As we mentioned before, the time consuming of a message scheduling can be counted from two dimensions, namely Wall Duration and Cpu Duration. The statistics of these two dimensions can help us better predict a serious time consuming, whether it is to execute a large amount of business logic or to wait or be preempted. If it is the latter, it can be seen that the ratio of Wall Duration to Cpu Duration of this type of message is relatively large. Of course, how to better and more comprehensively distinguish the time of a message from that of waiting too much or that of thread scheduling is preempted will be introduced in combination with other reference information later.

Complete schematic diagram

After counting Cpu Duration, the main thread monitoring function is complete. The schematic diagram is as follows:With this message scheduling monitoring tool, we can clearly see the main thread history of message scheduling when ANR occurs. The duration of messages that are being scheduled, messages to be scheduled in the message queue, and related information. Moreover, by using this monitoring tool, the actual time of the main thread Trace when ANR occurs can be seen at a glance. Therefore, some students’ doubts about whether and how long the current stack takes are well solved.

As can be seen from the above introduction, in order to mark single-time and critical messages, we use a variety of aggregation strategies. Therefore, the information recorded in the monitoring process may represent different types of messages. In order to facilitate differentiation, we add Type markers in the visual display to facilitate differentiation.

Example:

For example, as can be seen from the Trace log in the figure below, when ANR occurred, the main thread was blocked in the communication process with Binder. Perhaps many students’ first reaction was that WMS service did not timely respond to the request of BinderHowever, combined with the following message scheduling monitoring to verify, we found that the current message Wall Duration was only 44ms, and two historical messages before the message took serious time, respectively 2166ms and 3277ms, that is to say, the time of Binder invocation was not serious. The real problem is that the first two messages take a long time, which affects the subsequent message scheduling. The ANR problem can be solved only when the two message time-consuming problems are solved simultaneously.If you do not have a message scheduling monitoring tool, you will blindly analyze the IPC problem of the current logical call, and you may make a directional error and fall into the trap of “Trace stack”.

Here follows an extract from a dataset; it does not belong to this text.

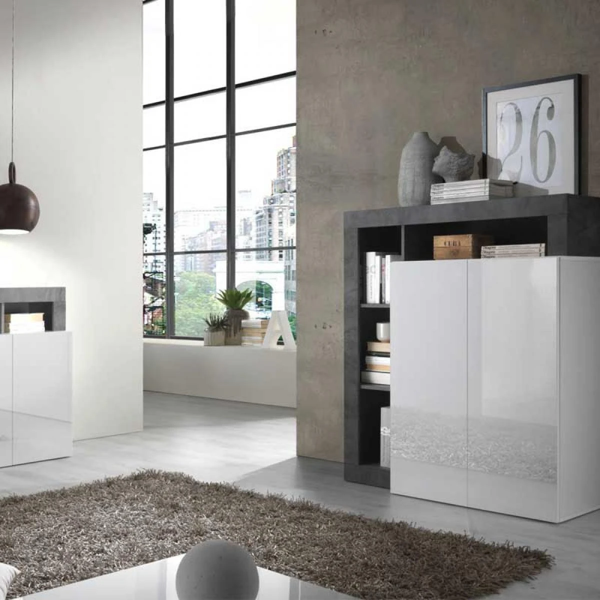 Points forts Tousmesmeubles Meuble d’entrée 2 portes Blanc laqué brillant/Béton ciré foncé – ISCHIA

In the following figure, you can see that the main thread is dispatching a message that takes more than 1S, but another historical message that took up to 9828ms before that. Continue to observe the status of message queues to be scheduled (gray) in the following figure. You can see that the first message to be scheduled has been blocked for 14S. From this we can see that the historical message before the ANR message is the culprit that causes the ANR message. Of course, the message that is being executed also needs to be optimized for performance, because we said earlier that “no message is innocent when ANR occurs”.Because of these monitoring capabilities, the daily confusion of whether and how long the business logic in the Trace log takes becomes immediately clear.

Checktime

Checktime is a monitoring of the execution time of some system services (AMS, InputService, etc.) that are frequently accessed by the Android system. When the actual time of such interfaces exceeds the expected value, a prompt message will be given. This class is designed to monitor the ability of a process to be scheduled and responsive in a real-world environment as a result of feedback.

The specific implementation is to analyze and obtain the current system time before and after the execution of each function, and calculate the difference. If the interface time exceeds its set threshold, it will trigger the information reminder of “slow operation”. Part of the code implementation is as follows:The Checktime logic is simple, subtract the comparison time from the current system time, if more than 50ms, will give a Waring log prompt.We often see this type of message in Logcat when analyzing offline problems or at the system level, but for online third-party applications, they can’t get system logs due to permissions and have to implement it themselves.

Thread Checktime:

After understanding the design idea and implementation of system Checktime, we can realize similar functions in the application layer. By using the periodic detection mechanism of other sub-threads, we can obtain the current system time before each scheduling, and then subtract the time we set delay, we can get the real interval time before this thread scheduling. For example, if you set threads to be scheduled every 300ms, the actual response time sometimes exceeds 300ms. If the difference is larger, the threads are not scheduled in a timely manner, which further indicates that the system response capability deteriorates.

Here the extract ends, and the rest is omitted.